Japanese mathematician Masaki Kashiwara, who received the prestigious Abel Prize this year, has said his love for “beautiful” math sustained him through his more than half-century-long research career.

Becoming the first Japanese recipient of the award, considered the Nobel Prize for mathematics, the 78-year-old professor emeritus at Kyoto University’s Research Institute for Mathematical Sciences said in a recent interview he felt the beauty of math “the moment I proved something new.”

Masaki Kashiwara, project professor at Kyoto University’s Research Institute for Mathematical Sciences, speaks in an interview on May 19, 2025, in Oslo. (Kyodo) ==Kyodo

He also said he “deeply felt” the high value Norway attaches to math education through festivities related to the award, bestowed by the Norwegian Academy of Science and Letters, while questioning his own country’s approach to math education.

In announcing the Abel Prize recipient in March, the academy said it recognized Kashiwara “for his fundamental contributions to algebraic analysis and representation theory,” among other achievements, calling him “a true mathematical visionary.”

His lifelong passion has not dimmed even though his speed of research has “slowed” due to his age, Kashiwara, who now serves as project professor at the Kyoto University institute, said.

With the development of the internet drastically changing methods of research, the professor recalled his past days when “it was difficult to find out even what was going on overseas” and said now he is tackling challenging problems by exchanging views online with three mathematicians in South Korea.

Kashiwara said he is worried that Japan’s system of university entrance examinations and a perception that math is “a memorization subject” could create further aversion to math and reduce students’ motivation to pursue careers in the field.

He said he sees potential in China, which is proactively attracting willing specialists and where the publishing of scientific papers is increasing.

Born in Ibaraki Prefecture, northeast of Tokyo, Kashiwara earned a master’s degree from the University of Tokyo before obtaining a doctorate from Kyoto University.

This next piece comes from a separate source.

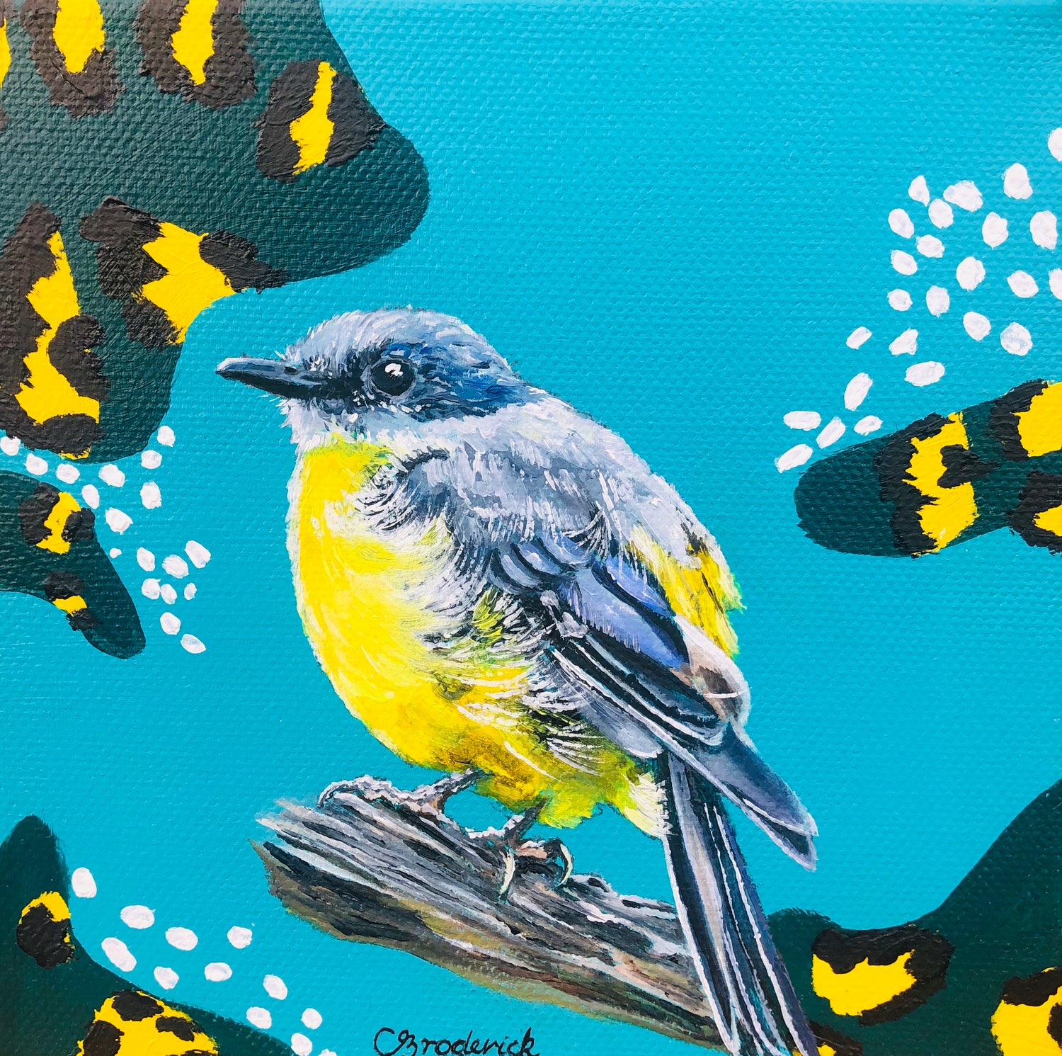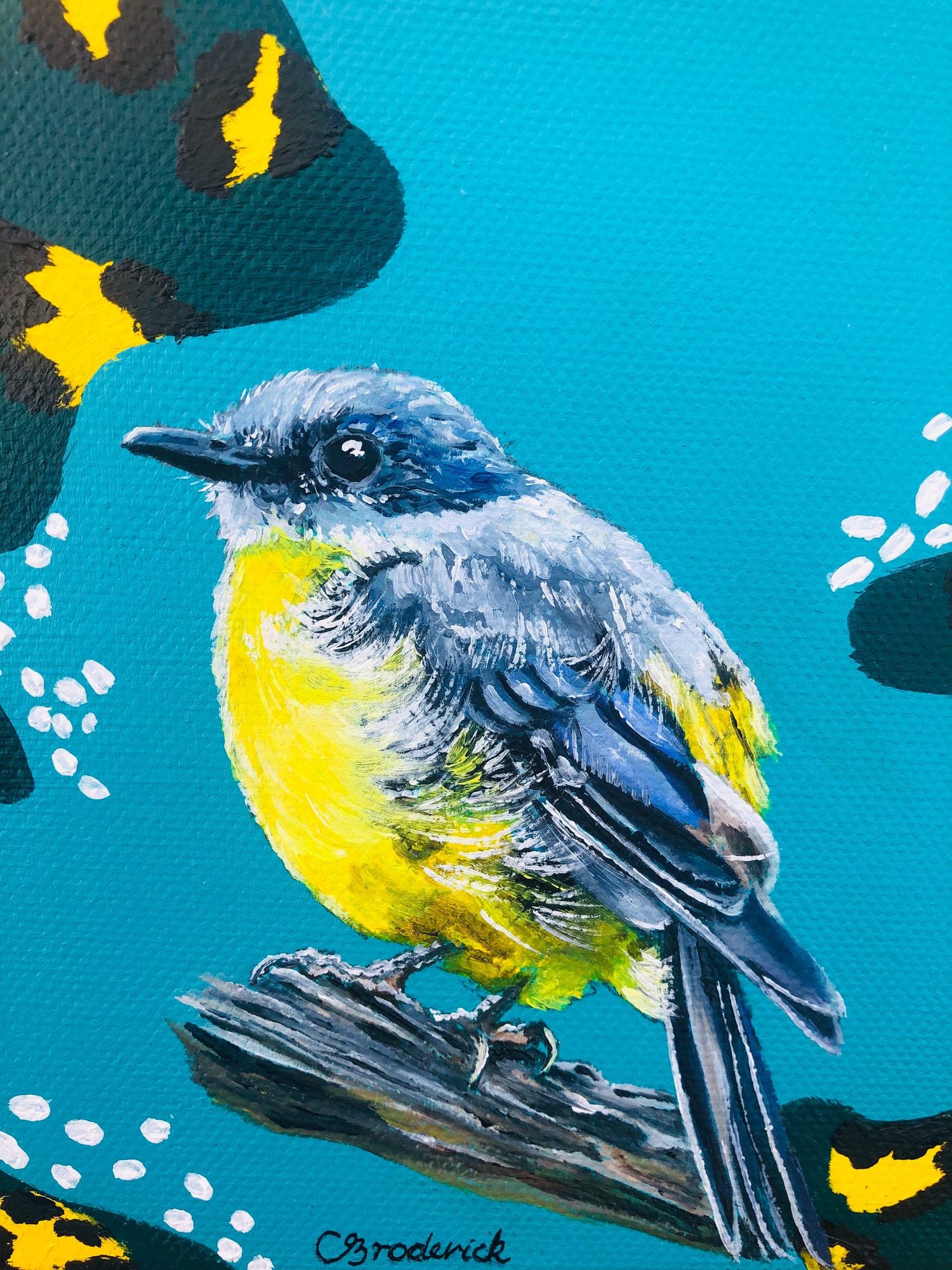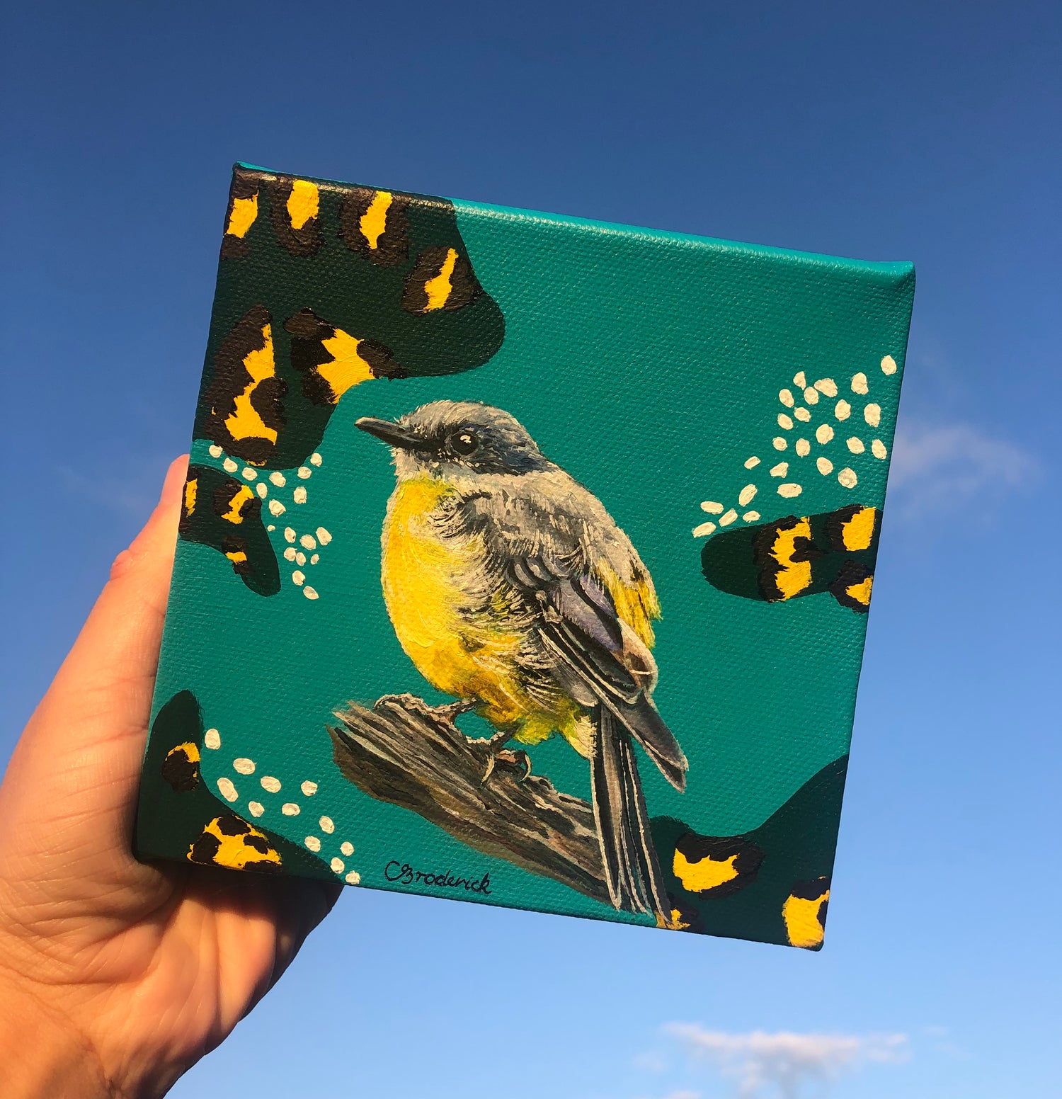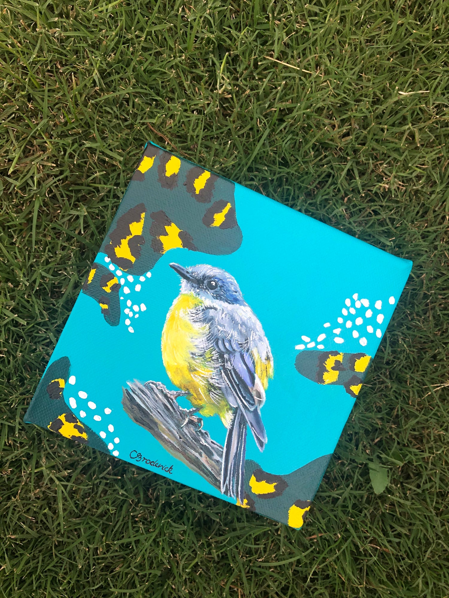 This artwork is inspired by a bottle of wine and a cute bird! Loving pops of colour to bring a hint of abstract painting into my realistic work.

He has been project professor at Kyoto University’s Research Institute for Mathematical Sciences since 2010.

Under the guidance of his mentor, Mikio Sato, a professor emeritus at Kyoto University, Kashiwara developed the theory of D-modules for his master’s thesis in 1970, a framework that has become a fundamental tool in many branches of mathematics.

Kashiwara and his colleagues proved the Riemann-Hilbert correspondence, a major problem in mathematics for many years, for holonomic D-modules, around 1980.

The Abel Prize award ceremony was held in Norway on Tuesday, with Kashiwara receiving prize money of 7.5 million Norwegian krone ($733,000). It was established in 2002 in connection with the 200th anniversary of the birth of Niels Henrik Abel, a pioneering Norwegian mathematician.